El frente oriental Hugo Chávez ha sabido cortejar apoyos en el Caribe con petróleo a precios preferenciales por medio de Petrocaribe. Incluso el del gobierno de Bharat Gadgeo en Guyana, un país con el que sostiene un diferendo limítrofe
Un olvidado diferendo fronterizo podría hacer que Guyana adquiriera una importancia geopolítica sin antecedentes. Se trata de la disputa por el territorio del Esequibo, que aparece en los mapas oficiales venezolanos como un enorme apéndice señalado a rayas al este del país. No se trata de un asunto menor, pues la zona abarca prácticamente dos terceras partes del territorio guyanés. El contencioso, que proviene de la época colonial británica, ha permanecido congelado durante años, pero podría resurgir por cuenta de la nueva postura geopolítica del actual gobierno venezolano.

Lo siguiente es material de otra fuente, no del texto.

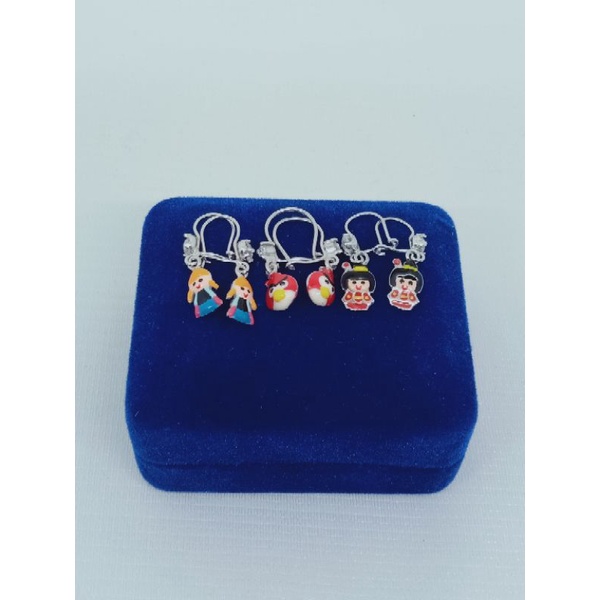 Detail anting kait anak mata putih 1 karakter cat warna S925 / anting anak perak asli lapis mas
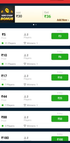 1. Entry fee for contests: The entry fee for paid contests starts at Rs. 1 onwards. However, the fee is different for every platform. You can also play free games, but the winning amount will be almost negligible.
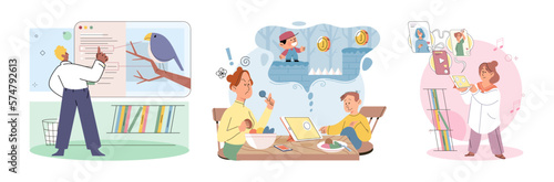 Дизайн целевой страницы европейского завтрака, набор шаблонов баннеров веб-сайта, плоская векторная иллюстрация. Женщина пьет кофе с круассаном и миндальным печеньем на завтрак. Традиционное французское утреннее блюдо.
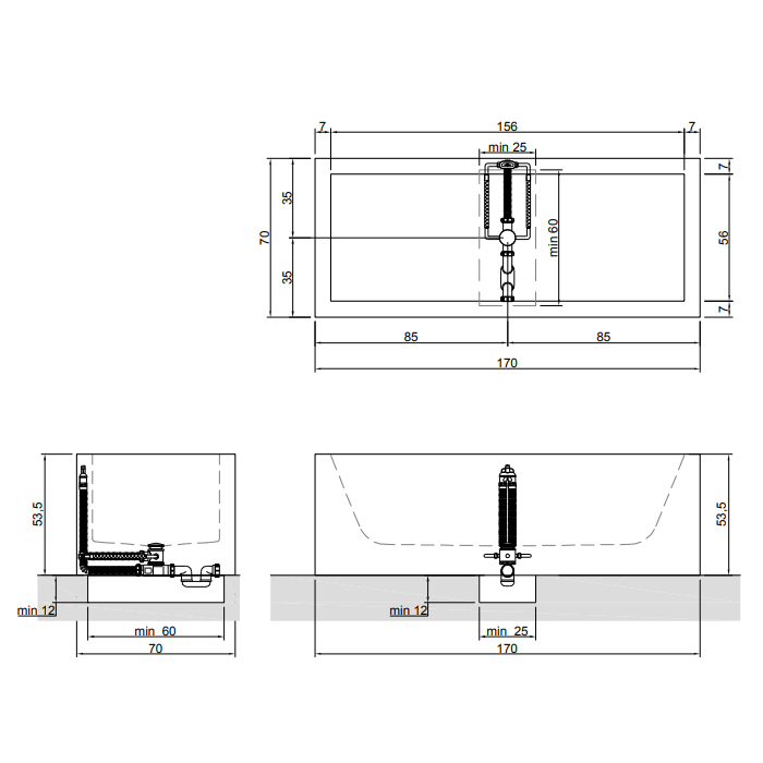 ANTONIO LUPI BIBLIO Ванна пристенная (2стороны) 170х70х53.5 см, с сифоном и ,ножками и донным клапаном (хром), мат-л: Corian, цвет: белый
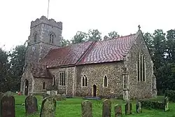 It is thought that the roof would have been thatched at one time but is known to have been tiled since 1900. As one approaches the church, the perpendicular style tower can be seen. From the inscription above the west door asking for prayers for Thomas Sekeford (Seckford) and his second wife Margarete, it can be assumed that it was built at his expense. The Seckford arms, a pair of scissors or shears, appear between the letters. He died on 23 November 1505 and is buried at Great Bealings. The Seckford family gave generously to the town of Woodbridge. On the left, a symbol of a key links with St. Peter. The west window was repaired in 1872 but the original shape was retained. the decorative flintwork on the buttresses of the tower is considered to be a good example of such work. The stone and flintwork of the tower were refurbished in 1980 at a cost of £9,000. This included cleaning and repointing the Elizabethan brickwork around the top of the tower. The flag pole came from HMS Ganges in 1902, a naval training establishment in Shotley for a number of years. This is surmounted by a weathervane in the form of St. Peter's Key. Also on top of the tower is a plaque recording the replacement of the lead on the tower in 1772. The "plummers" bill for the work was £18 18s 9d. Recently both the flagpole and weathervane have had major repair work, resulting in removing, repairing and replacing the lead on the tower. The present electric clock was installed in 1973 and made to strike the hours in 1976. For up to 300 years there was a turret clock with a six-foot pendulum which needed to be wound up regularly. This was taken out when the electricity arrived. In June 2008 the clock was completely replaced with an up to date 24-hour system. Between the tower and the porch on a corner stone nine feet above ground level can be seen an old scratch dial (or sundial); a similar one can be found on the right of the porch entrance.

Hoy, cuando Chávez muestra los dientes en la frontera colombiana mientras afirma que este país le robó a Venezuela una cantidad considerable de territorio, resulta al menos curioso que el Presidente coronel sea mucho más cuidadoso cuando se trata de las relaciones con Guyana. Sobre todo si se tiene en cuenta que las áreas en disputa están llenas de recursos naturales. Además de yacimientos de gas, ese territorio tendría diamantes, oro y minerales extraíbles de gran valor.

La diferencia es que Chávez ha desplegado con Guyana una estrategia de zanahoria y garrote. El garrote corrió por cuenta de una incursión militar que tuvo lugar en noviembre pasado. Según las autoridades locales, un contingente de soldados venezolanos, al mando de un alto oficial, entró al territorio guyanés y destruyó dos dragas dedicadas a la explotación de oro en el río Cuyuni, cerca de la isla de Iguana, en un lugar situado en tierras no disputadas. Por supuesto los representantes venezolanos sostuvieron que la incursión había tenido lugar en territorio venezolano, y que su intención era detener la actividad de mineros ilegales en la zona.

La zanahoria vino semanas después cuando, en medio de una dura crisis de suministro de combustibles, que incluso llevó al cierre de varias estaciones en el área de la capital, Georgetown, Venezuela envió un cargamento extraordinario de gasolina y diesel presentado por Caracas como una demostración de "sus políticas de solidaridad que garanticen beneficios directos al pueblo de Guyana".

El gobierno del debilitado presidente guyanés, Bharrat Gadjeo, ha tenido cordiales relaciones con Chávez, al punto de que su país pertenece al programa Petrocaribe, y por eso decidió bajarle la temperatura a la incursión militar. Pero se ganó duras protestas de su oposición, que sostiene que los venezolanos compraron su silencio a punta de combustibles, y que la soberanía nacional no es negociable.

Sin embargo, como era de esperarse, el gobierno de Estados Unidos no ha perdido la oportunidad de tratar de sacar partido de la situación. Aunque algunos sostienen que se trata de una coincidencia, el 13 de diciembre concluyó una serie de tres reuniones entre la Oficina de Enlace Militar de la embajada norteamericana con altos representantes de la Fuerza de Defensa de Guyana. En esa ocasión se trataron temas como "mayor cooperación y asistencia en seguridad".

Una cosa y otra podrían significar que la anglohablante Guyana, situada en el rincón olvidado de Suramérica, se convierta en un nuevo foco de la tensión entre Venezuela y el "imperio". La internacionalista Maruja Tarre, ante la prudencia de Chávez frente al gobierno de Georgetown, sostuvo a SEMANA que "yo se lo atribuyo a que siempre está buscando votos en la OEA y el Caribe es clave", en referencia a que Guyana es miembro del bloque del Caribe, Caricom. Un grupo que es clave para las aspiraciones hegemónicas de Chávez en esa zona.

Gadjeo podría verse obligado a escoger una de las dos orillas. Pero si esos movimientos son percibidos como agresivos en Caracas, seguramente ya no se hablará de un 'conflicto congelado', sino que la retórica se moverá al terreno que tanto le gusta a Chávez: las conspiraciones de Washington para desestabilizar su revolución socialista.